Five kits, one spine. Each classifies, scores, or drafts in its domain and carries its own escalation rule. Every example below is a verified sample run from the local build.

Hospitality Ticket Triage

Human
Decides
category, priority (low → urgent), department, guest-facing draft reply
Escalates when
priority is high/urgent, or the text mentions refund, chargeback, passport, safety, injury, or legal
Verified run
“$2,400 chargeback”priority: urgentHuman

Lead Qualification + Scoring

Human
Decides
ICP fit score (0–100), tier A/B/C, intent, next-best action, reply
Escalates when
score ≥ 80, tier A, enterprise/security/legal terms, or a borderline lead with hot intent
Verified run
“VP, multi-property, budget approved”fit score 85Human

Review Response Agent

Auto
Decides
sentiment, category, severity, brand-voice public response
Escalates when
negative sentiment or high severity
Verified run
“5-star review”positiveAuto

Customer Onboarding Engine

Auto
Decides
segment, personalization plan, first steps, risk flags, welcome
Escalates when
enterprise/high-value, SSO, security/legal, money-touching, or missing consent
Verified run
“SMB, non-technical”routineAuto

Internal Ops SOP Bot

Human
Decides
answer, cited SOP references, confidence, reply (grounded RAG)
Escalates when
low confidence, or the question touches a spill, safety, HR, refund, or waiver
Verified run
“Refund policy?”cites P1Human
05

From Prototype to Production

Alongside each runnable kit is a design-exact production scaffold — an importable n8n graph that is not yet run with live data. They share a common shape:

  • Multi-channel intake — webhook, email/IMAP, schedule, or Telegram.
  • Normalize — dedup, canonical schema, and consent / lawful-basis checks.
  • Cheap classifier → premium drafter — cost-tiered models, with citation-enforced retrieval (RAG) where there is a knowledge base.
  • Force-HIL validation — the deterministic gate, in code.
  • Mandatory approval — a send-and-wait step in Slack or email, with an approve / redraft / escalate router; execution only fires after approval.
  • Audit + recovery — an immutable log with cost tracking, a dedicated error sub-workflow, and feedback capture for continuous improvement.

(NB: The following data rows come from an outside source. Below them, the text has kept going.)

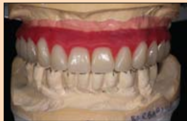
Slika 2. i 3. Probnom postavom definisan je protetski cilj.

Kako bi se oblikom osnovne konstrukcije sprečio nastanak pukotina i odlamanje fasetnog materijala, prelazi su zaobljeni. Planirano je da bazalni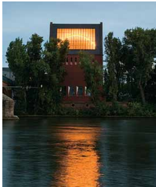
Olafur Eliasson ›Light Lab‹ test 12, Portikus 2008

Ein wichtiges Museum zeitgenössischer Kunst, die Ausstellungshalle Portikus verbindet die beiden Main-Ufer. Es befindet sich auf der Main-Insel an der Alten Brücke und wurde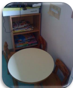
Figura 3 - Área da biblioteca.

Podemos verificar, na figura 2, que as áreas rotuladas como barulhentas encontram-se um pouco afastadas das áreas mais calmas. A área da biblioteca (figura 3)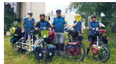
Im Juli 2022 besuchte ein Tandem-Team der „MUT-TOUR“ die Klinik Bosse in Wittenberg und das Psychosoziale Zentrum in Bitterfeld. Klientinnen und Klienten, Patientinnen und Patienten sowie Mitarbeitende tauschten sich mit den Teilnehmenden aus

WITTENBERG. Bereits zum zehnten Mal bewegten sich in diesem Sommer hunderte Menschen mit und ohne Depressionserfahrung im Rahmen der „MUT-TOUR“ durch Deutschland, um ein Zeichen zu setzen für mehr Offenheit, Wissen und Mut im Umgang mit Depressionen. x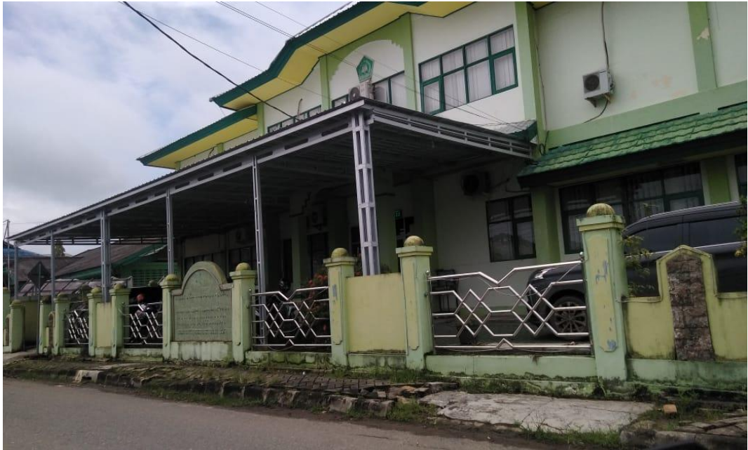
Kantor Kementerian Agama Kabupaten Kotabaru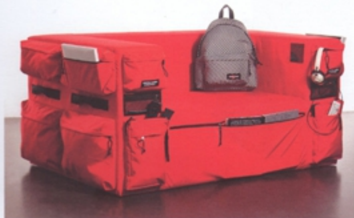
Colección Built to Resist de Quinze & Milan y Eastpak. Concebido casi como un sofá-mochila, ya que lleva incorporados múltiples departamentos y está realizado con los mismos tejidos que las mochilas Eastpak.

Son precisamente las empresas que destinan sus productos a consumidores de un poder adquisitivo medio las que están empezando a proponer soluciones creativas para los espacios domésticos. Tienen muy en cuenta la relación calidad-beneficio para el usuario y precio. Si hay una empresa que representa esta tendencia es Campeggi SRL, ya que ha formado parte siempre de su identidad dar solución a este tipo de cuestiones relacionadas con el espacio y la movilidad. Pero esta vocación se está extendiendo cada vez más a todo tipo de empresas que tratan de dar respuesta a estas nuevas necesidades como es el caso de Danese, Soca,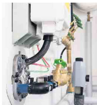
„Haustechnik ist nirgends besser aufgehoben als im Keller.“

kommen Bauherren günstiger weg als bei einer Vollunterkellerung, sondern auch schon beim Tiefbau: Weniger Erde muss ausgehoben, weniger Erdaushub bewegt und entsorgt werden. Meist reichen für einen Teilkeller eine Baugrube von 6,50 mal 6,50 Metern. „In der Praxis haben sich Teilkeller vor allem dann bewährt, wenn ihre Grundfläche etwa ein Drittel der Grundfläche des Hauses ausmacht“, erklärt Kellerexperte Wetzels. Etwa zwei Drittel des Hauses stünden dann auf einer Bodenplatte. Ein passgenaues Zusammenspiel aus Haus, Keller und Bodenplatte sei bei den qualitätsgeprüften Keller- und Bodenplattenherstellern mit dem RAL-Gütezeichen „Fertiggeller“ sichergestellt, so Wetzels. Ein weiterer Vorteil: Teilkeller sind mehr oder weniger flexibel unter dem Haus platzierbar. Eine praxistaugliche Anbindung ans Versorgungsnetz des Hauses sowie eine hinreichende Be- und Entlüftung sind allerdings zu beachten. Praktischerweise schließt zudem die Kellertreppe an die Erdgeschosstreppe an. „Die Kellerexperten arbeiten im Zuge der individuellen Planung verschiedene Möglichkeiten aus“, sagt der GÜF-Vorsitzende und schließt: „Die Haustechnik ist nirgends besser aufgehoben als unter dem Erdgeschoss. Wer sich also gegen eine Vollunterkellerung entscheidet, sollte wenigstens einen kleinen Keller einplanen statt gar keinen Keller.“ GÜF/FT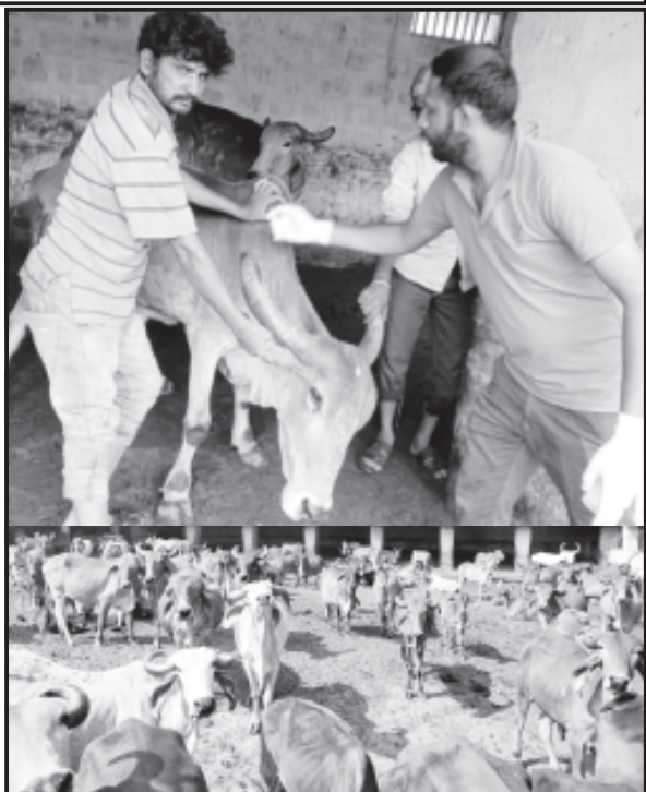
ગુજરાત સરકારનો હૃદયપૂર્વક આભાર પ્રગટ કરે છે.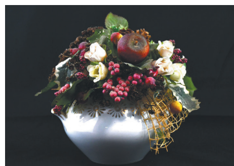
Старая, но дорогая, как память о бабушке, фарфоровая сахарница превратилась в цветочную композицию

ее в цветочную композицию. У старой сахарницы были сколы по горлышку, но теперь под цветами их не видно, общий вид целостен и гармоничен. А ведь эта красота могла быть выкинута, как старая, побитая, отслужившая свое. Так приятно, вернувшись домой, бросить взгляд на маленькую частичку семейного тепла и уюта! Таких вещиц в моем доме много.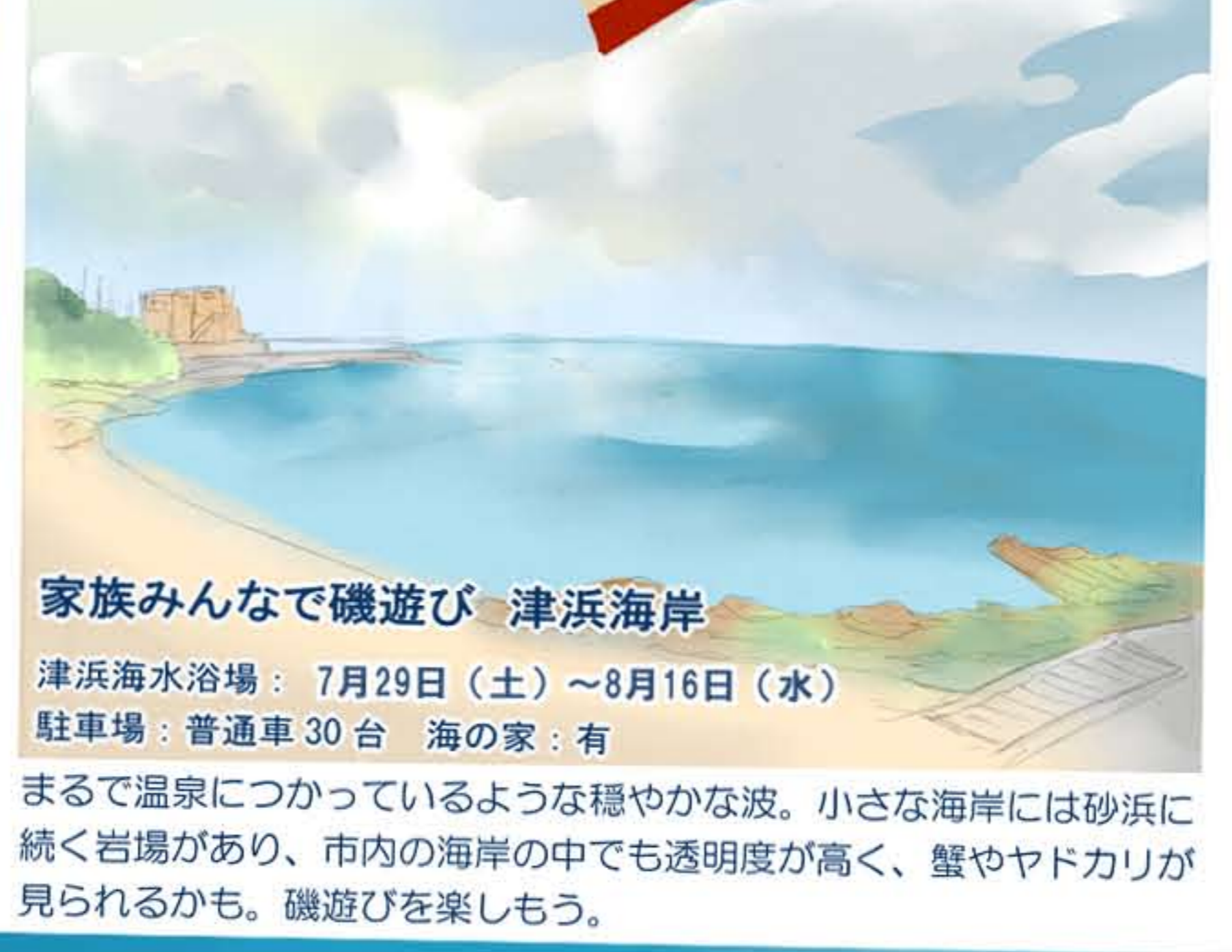
家族みんなで磯遊び 津浜海岸 津浜海水浴場：7月29日（土）～8月16日（水） 駐車場：普通車 30台 海の家：有

JR上総湊駅から徒歩で行けて商店街にも近く、隣接する公園にシャワーと更衣室があり小さな子ども連れに便利です。公園には芝生広場と遊歩道などがあり、運動もできます。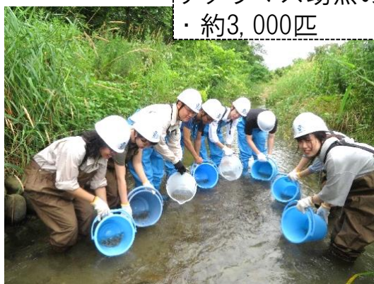
(イメージ) 幼魚放流の様子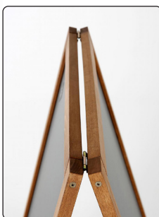
Optional magnets: Model 610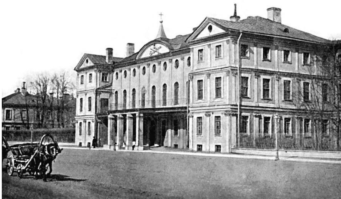
Здание Первого кадетского корпуса в Санкт-Петербурге. Меншиковский дворец на Васильевском острове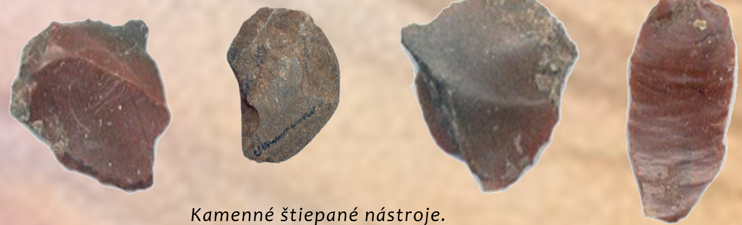
Kamenné štiepané nástroje.

Productionizing a kit means swapping the local-Ollama node for its real channels and model, adding credentials, and feeding sanitized data.

Scope & Honesty
  • The five runnable kits execute end to end on local Ollama with no cloud API keys; verified on built-in sample inputs (2026-06-02, gate retest 2026-06-19).
  • The production graphs are design-exact and importable, but have not yet been run with real channels or data.
  • No client metrics or ROI claims — this is sample-set proof of the classify/score/draft plus human-gate logic.
  • Sample inputs are synthetic and the embedded SOP policies are illustrative.